The role of RAGE in the pathogenesis of diabetes and many other diseases is interesting.
Hudson et al. (2002) reports that RAGE is a signalling receptor family that is itself part
of the immunoglobulin receptor superfamily, some classifying it as a pattern recognition
receptor. It has three immunoglobulin domains, two V type and one C type, having one
transmembrane region as well as a cytosolic signalling tail. RAGE seems to be expressed
in very low amounts normally, but diabetes upregulates RAGE expression in vascular
endothelium and smooth muscle, at least in animal models, which may contribute to the
chronic inflammation sometimes observed in diabetes (Hudson et al. 2002).

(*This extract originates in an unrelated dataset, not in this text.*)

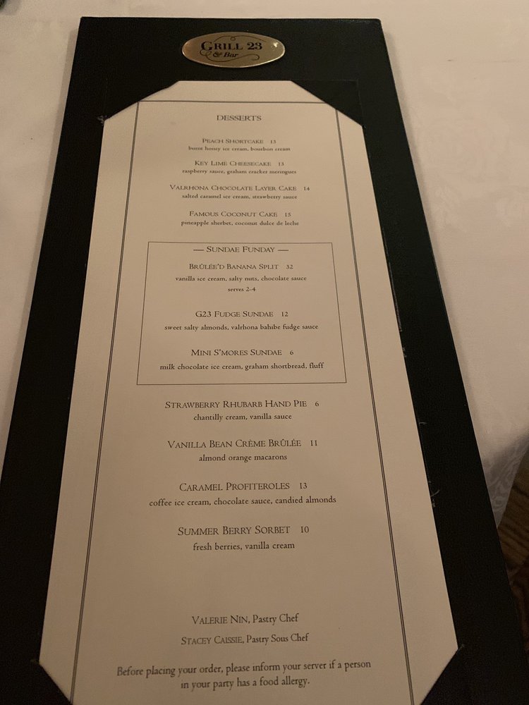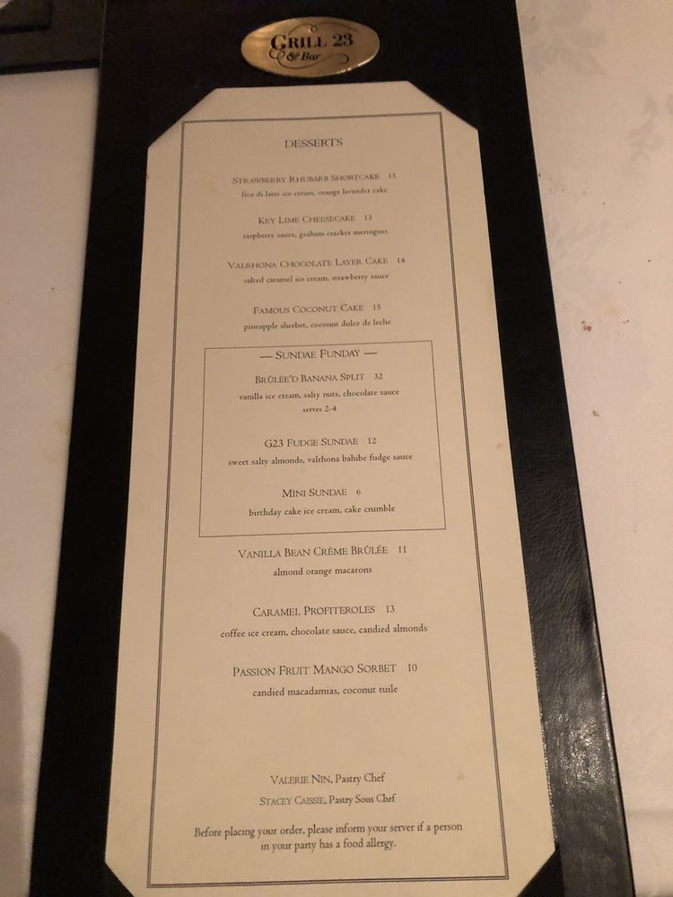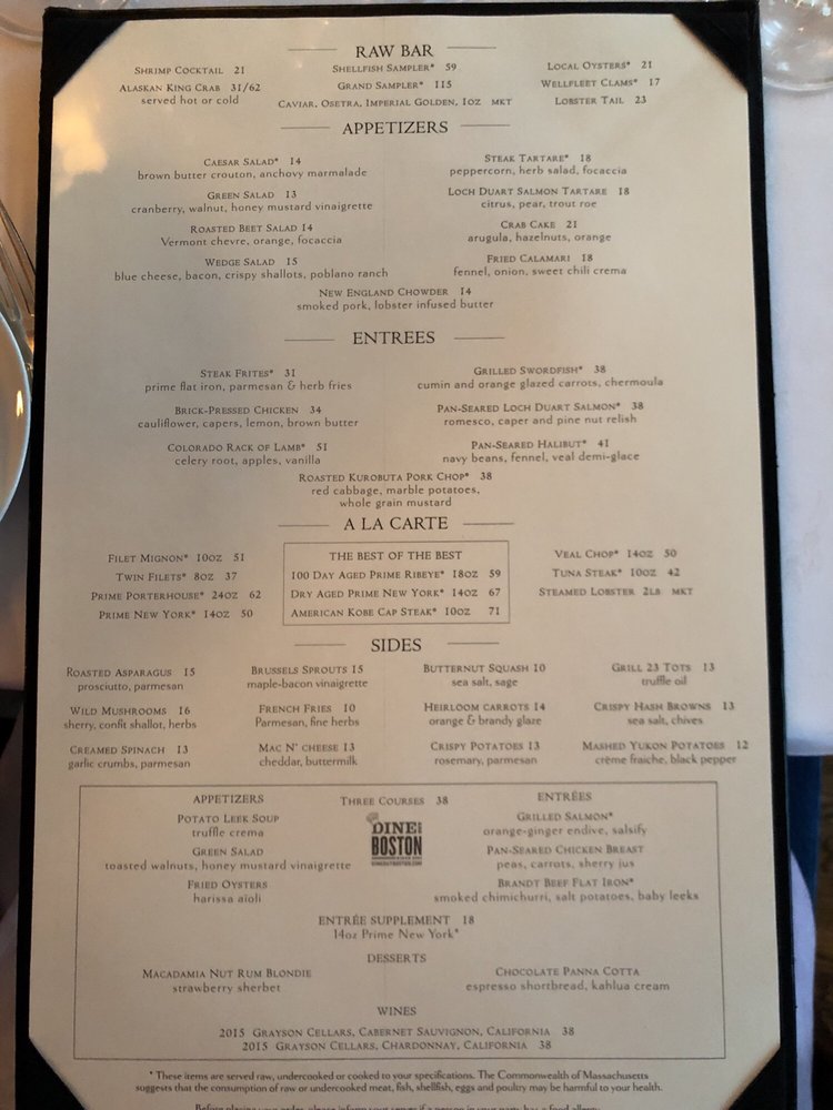 Grill 23 & Bar, located in Boston, MA, offers a luxurious dining experience with a focus on steaks, seafood, and wine. The menu features exquisite appetizers like Lobster Bisque, Crab Cakes, and American Kobe Steak Tartare. For mains, indulge in Dry Aged Prime New York, American Kobe Cap Steak, or Swordfish Togarashi. Additions like Truffle Butter and Hudson Valley Foie Gras elevate the dining experience. Customers rave about the flavorful steaks, attentive staff, and classy ambiance. Whether it's a date night or a celebration, Grill 23 & Bar promises to impress with its impeccable service and delectable dishes. Don't miss out on their signature tomahawk steak paired with a dirty martini for a match made in culinary heaven.

Some major complications of diabetes mellitus include nephropathy, neuropathy and
retinopathy. It has been found that, both in insulin-dependent and insulin-independent
diabetes, the amount of glycated haemoglobin and glyoxylase I activity both strongly
correlated with the appearance of these complications. Furthermore, increased incidence
of glycated proteins leads to their recognition by macrophages and monocytes, which in
turns leads to increase secretion of proinflammatory cytokines IL-1β and CSF-1, both impli-
cated to contribute to atherosclerosis, glomerulosclerosis and proliferative vitreoretinopathy
(Thornalley 1996).
Glycated proteins are broken down in the cell as part of normal protein turnover.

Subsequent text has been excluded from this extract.